Nicotinamide mononucleotide represents an effective protective mechanism to maintain healthy endothelial cells
Some nicotinamide adenine dinucleotide (NAD+) precursors have the potential to be vasoprotective — they can act to alleviate or prevent conditions or diseases that affect the blood vessels. Despite many studies on the benefits of two of these NAD+ precursors nicotinamide riboside (NR) and nicotinamide mononucleotide (NMN), the effects on the endothelium — the cells that line blood vessels — are not completely understood.
Mateuszuka and colleagues from Jagiellonian University in Krakow, Poland, published an article in the journal Biochemical Pharmacology characterizing the effects of NMN and NR on endothelial inflammation and dysfunction. Their research demonstrated that both NMN and NR modulated intracellular NAD+ content in the endothelium and inhibited endothelial inflammation. NMN’s effects on the endothelium were mediated by conversion of NMN to NR via the cell surface receptor CD73. Importantly, this work shows that these NAD+ precursors are an effective vasoprotective mechanism to maintain healthy endothelial cells.
The NAD+ precursors NR and NMN have drawn attention for their numerous beneficial effects in various settings. However, their bioavailability and pathways of metabolism towards NAD+ differ.
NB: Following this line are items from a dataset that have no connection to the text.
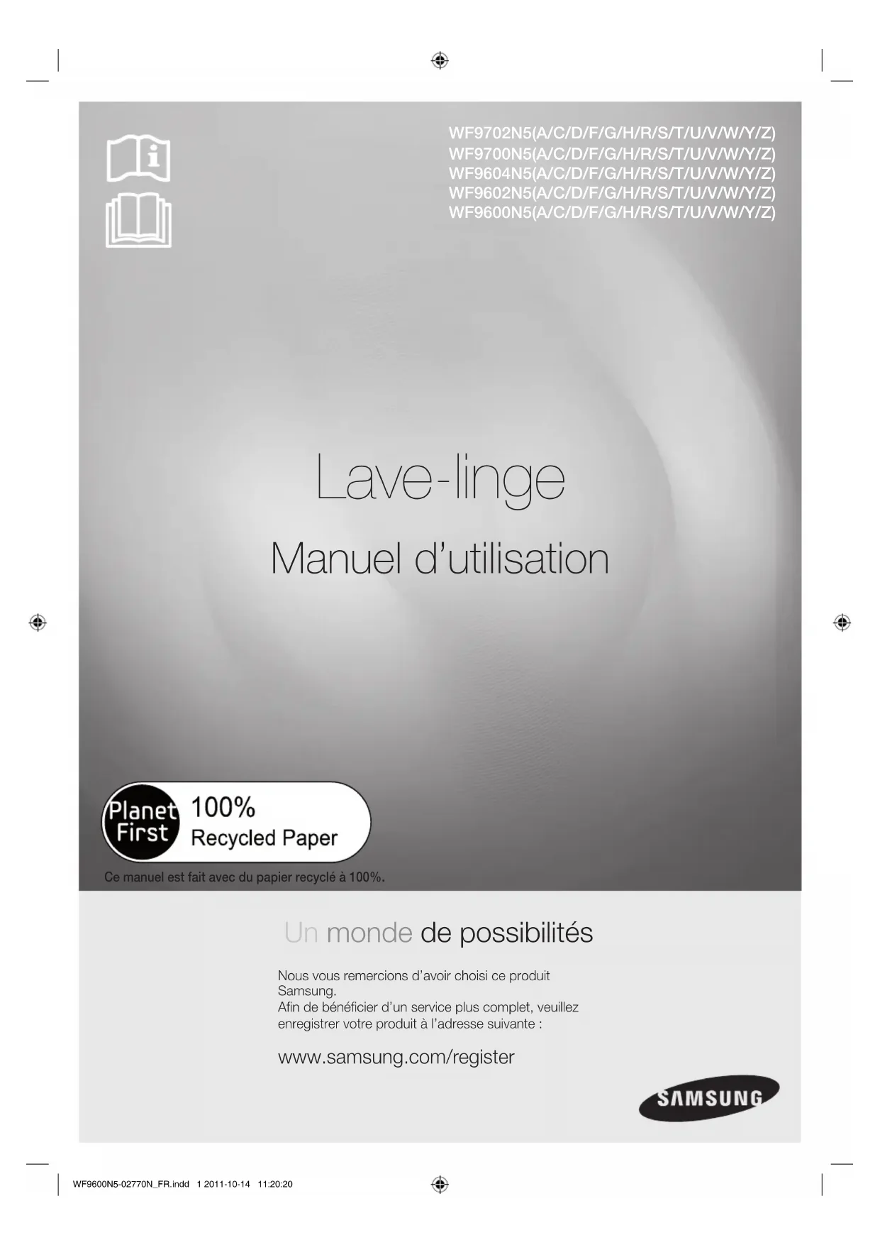 WF9600N5(A/C/D/F/G/H/R/S/T/U/V/W/Y/Z) WF9600N5-02770N_FR.indd 1 2011-10-14 11:20:202_ Caractéristiques de votre nouveau lave-linge Samsung
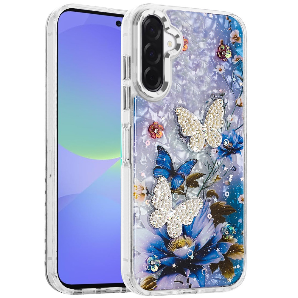 For Samsung Galaxy A37 Epoxy Glitter Butterfly Ornaments Design HQ Metal Buttons Hybrid - 1
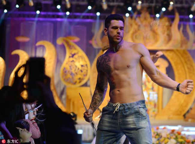 Những anh chàng bảnh bao để trần thân trên không chỉ sải bước catwalk trên sân khấu đầy màu sắc, mà còn thể hiện nhiều tiết mục thú vị như: đứng im như tượng để các nữ nhân viên lên tạo dáng chụp ảnh hay sờ vào bộ ngực rắn chắc, bế các cô gái kiểu công chúa, trao cho họ những nụ hôn nồng nàn...

NR is detectable in cow milk, milk-derived products, and in natural products containing yeast. It has a good bio-availability and intracellularly is metabolized to NMN.
In contrast to NR, NMN has a worse bioavailability because it is unable to pass through the endothelial membrane. NMN has to be modified outside of the cell — extracellularly — to NR by a cell surface receptor called CD73 or metabolized to nicotinamide (NA) by extracellular CD38 prior to crossing into endothelial cells.
But the role of the enzymes CD73 and CD38 in NMN-induced effects has not been fully characterized. So, it is not clear whether NMN-triggered beneficial effects are NR- or NA-dependent and what metabolic enzymes are involved.
In the present work, Mateuszuka and colleagues aimed to characterize how NMN and NR affect endothelial cells, including endothelial inflammation and dysfunction. In addition, they paid particular attention to how NMN was converted to exert its effects.
The Polish research team demonstrated the anti-inflammatory effects of NMN, that was comparable to the effects of NR in cultured endothelial cells. They then demonstrated that endothelial inflammation was associated with the upregulation of CD73 and NAMPT, the enzyme that converts NA to NMN inside of cells. This suggests that intracellular NMN synthesis by NAMPT from nicotinamide and extracellular conversion of NMN to NR represent the major NAD+ synthesis systems activated in endothelial inflammation.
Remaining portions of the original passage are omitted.